EXERCISE DATA section start

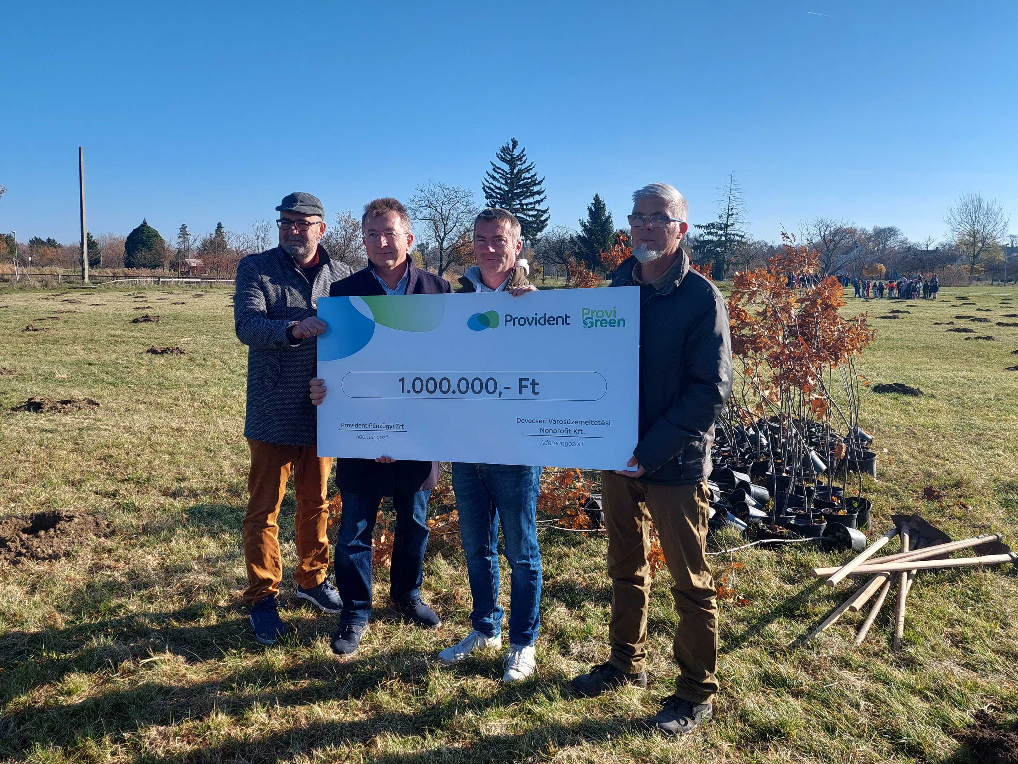 Devecser, 2025. november 6. – Tizenöt évvel a vörösiszap-katasztrófa után a Provident Pénzügyi Zrt. közösségi faültetéssel járult hozzá Devecser zöldítéséhez. A vállalat fenntarthatósági programja, a ProviGreen keretében a pénzintézet egymillió forinttal támogatta a város zöldterületeinek fejlesztését.
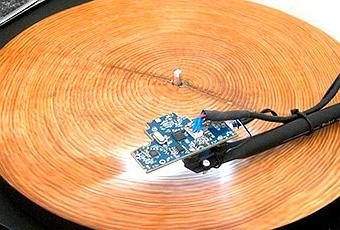 Traubeck ha creado un dispositivo muy parecido a un tocadiscos, con algunas modificaciones que lo hacen único: en vez de aguja, hay una pequeña cámara sacada del Playstation Eye, conectada a una placa de Arduino; en vez de discos de vinilo, hay una rodaja de un tronco, girando en torno a un eje. La cámara lee los surcos del tronco, y el procesador, conectado con Ableton Live, lo interpreta según unos sonidos que Traubeck ha programado. ¿El resultado? Melancólicas piezas de inspiración neoclásica que conforman un disco llamado "Years" que puedes escuchar (y comprar) en su bandcamp. Su intención es musical, pero sobre todo quiere hacernos conscientes de que todo a nuestro alrededor esconde datos e información, y que sólo debemos saber cómo interpretarlos.
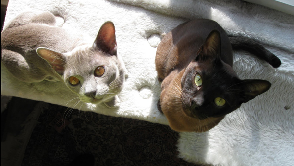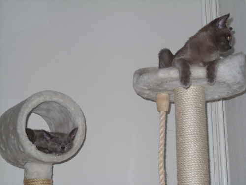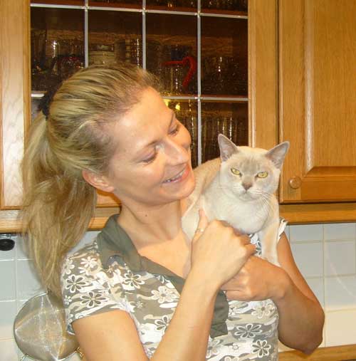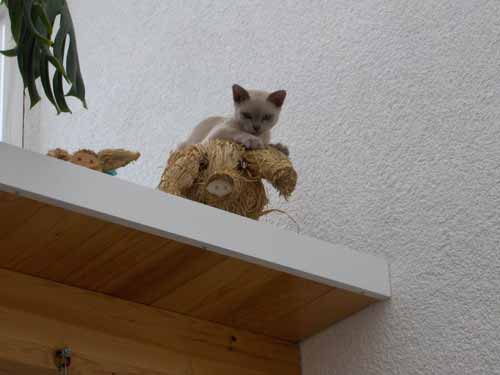 | Wir möchten an dieser Stelle den Familien, die unseren liebevoll aufgezogenen Kitten ein schönes Zuhause bieten, für die Fotos und die Informationen danken. Da wir uns wünschen, daß dieser Kontakt nicht verloren geht, hoffen wir ab und an auf Fotos zur weiteren Entwicklung "unserer" Burmesen ... |
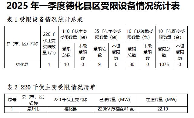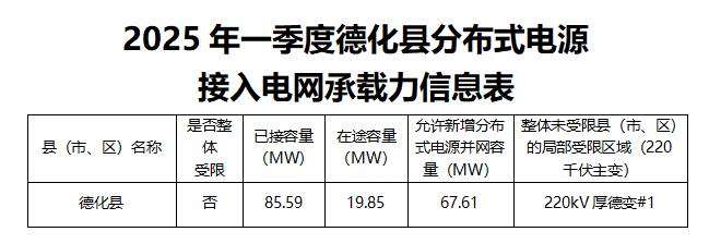 5月8日,福建省泉州市德化縣發改局公布該縣分布式光伏接入電網承載力信息,截至2025年3月31日,德化縣分布式光伏已接入容量85.59MW,在途容量19.85MW,全縣可新增開放容量67.61MW。
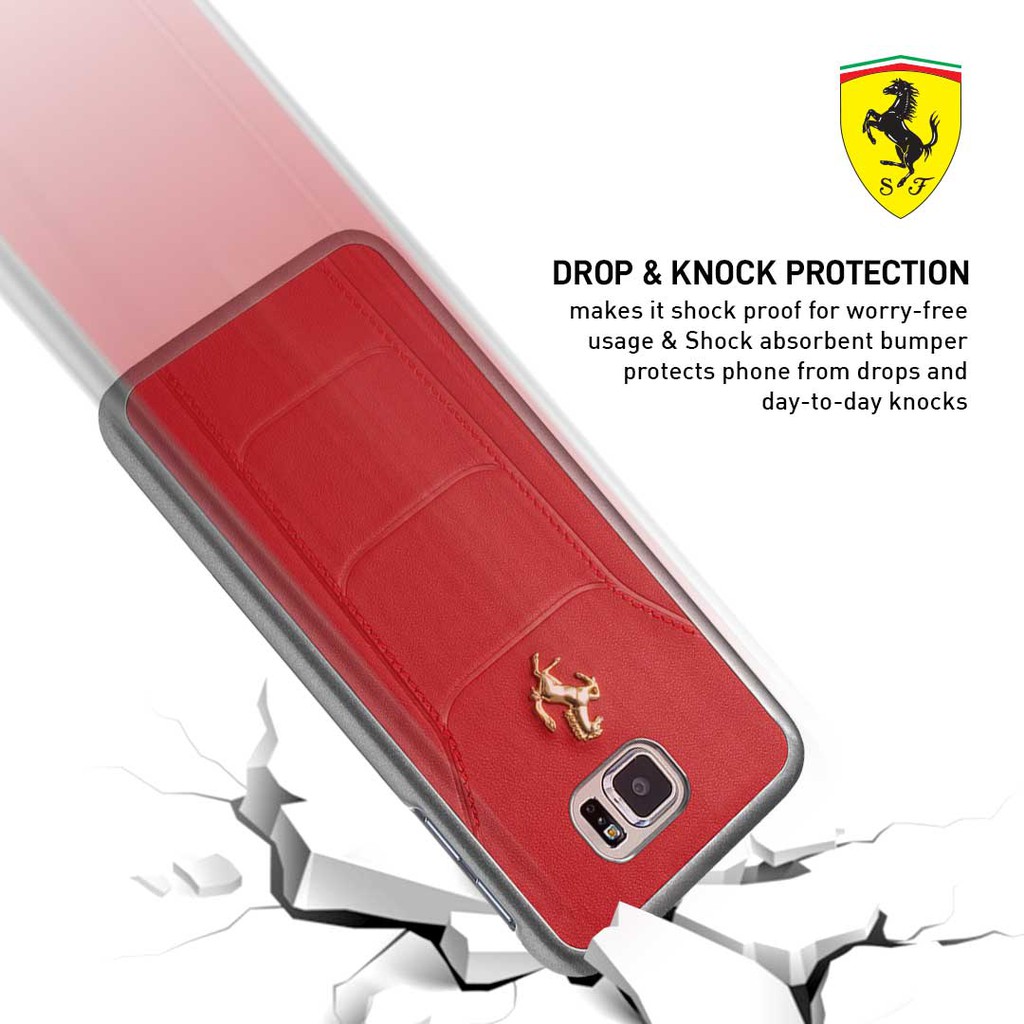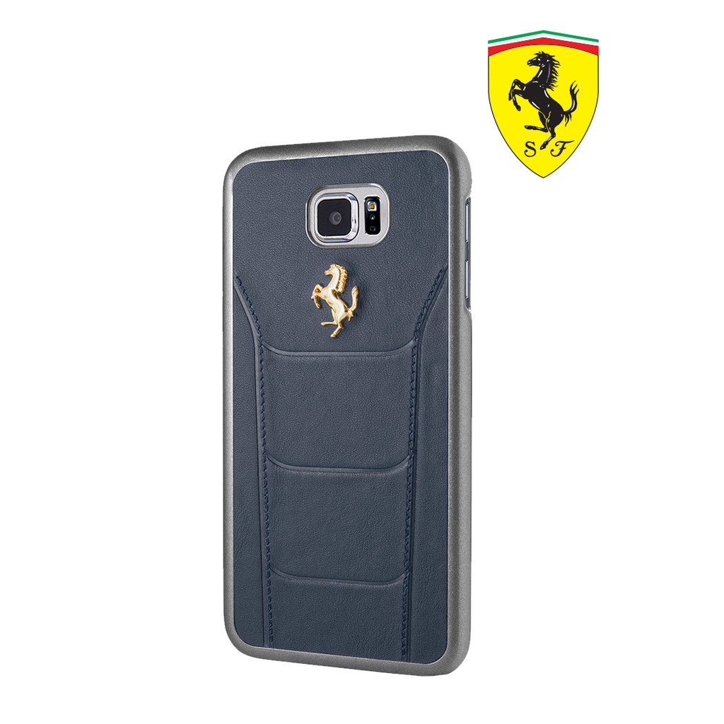 Ferrari - Gold Debossed Leather - Case / Casing Samsung Galaxy Note FE - Blue

EXERCISE DATA section end

*TASK REQUIREMENTS:*
Repeat all of the records verbatim, leaving out the pictures.

*TASK SOLUTION:*
 Devecser, 2025. november 6. – Tizenöt évvel a vörösiszap-katasztrófa után a Provident Pénzügyi Zrt. közösségi faültetéssel járult hozzá Devecser zöldítéséhez. A vállalat fenntarthatósági programja, a ProviGreen keretében a pénzintézet egymillió forinttal támogatta a város zöldterületeinek fejlesztését.
 Traubeck ha creado un dispositivo muy parecido a un tocadiscos, con algunas modificaciones que lo hacen único: en vez de aguja, hay una pequeña cámara sacada del Playstation Eye, conectada a una placa de Arduino; en vez de discos de vinilo, hay una rodaja de un tronco, girando en torno a un eje. La cámara lee los surcos del tronco, y el procesador, conectado con Ableton Live, lo interpreta según unos sonidos que Traubeck ha programado. ¿El resultado? Melancólicas piezas de inspiración neoclásica que conforman un disco llamado "Years" que puedes escuchar (y comprar) en su bandcamp. Su intención es musical, pero sobre todo quiere hacernos conscientes de que todo a nuestro alrededor esconde datos e información, y que sólo debemos saber cómo interpretarlos.
 | Wir möchten an dieser Stelle den Familien, die unseren liebevoll aufgezogenen Kitten ein schönes Zuhause bieten, für die Fotos und die Informationen danken. Da wir uns wünschen, daß dieser Kontakt nicht verloren geht, hoffen wir ab und an auf Fotos zur weiteren Entwicklung "unserer" Burmesen ... |
 5月8日,福建省泉州市德化縣發改局公布該縣分布式光伏接入電網承載力信息,截至2025年3月31日,德化縣分布式光伏已接入容量85.59MW,在途容量19.85MW,全縣可新增開放容量67.61MW。
 Ferrari - Gold Debossed Leather - Case / Casing Samsung Galaxy Note FE - Blue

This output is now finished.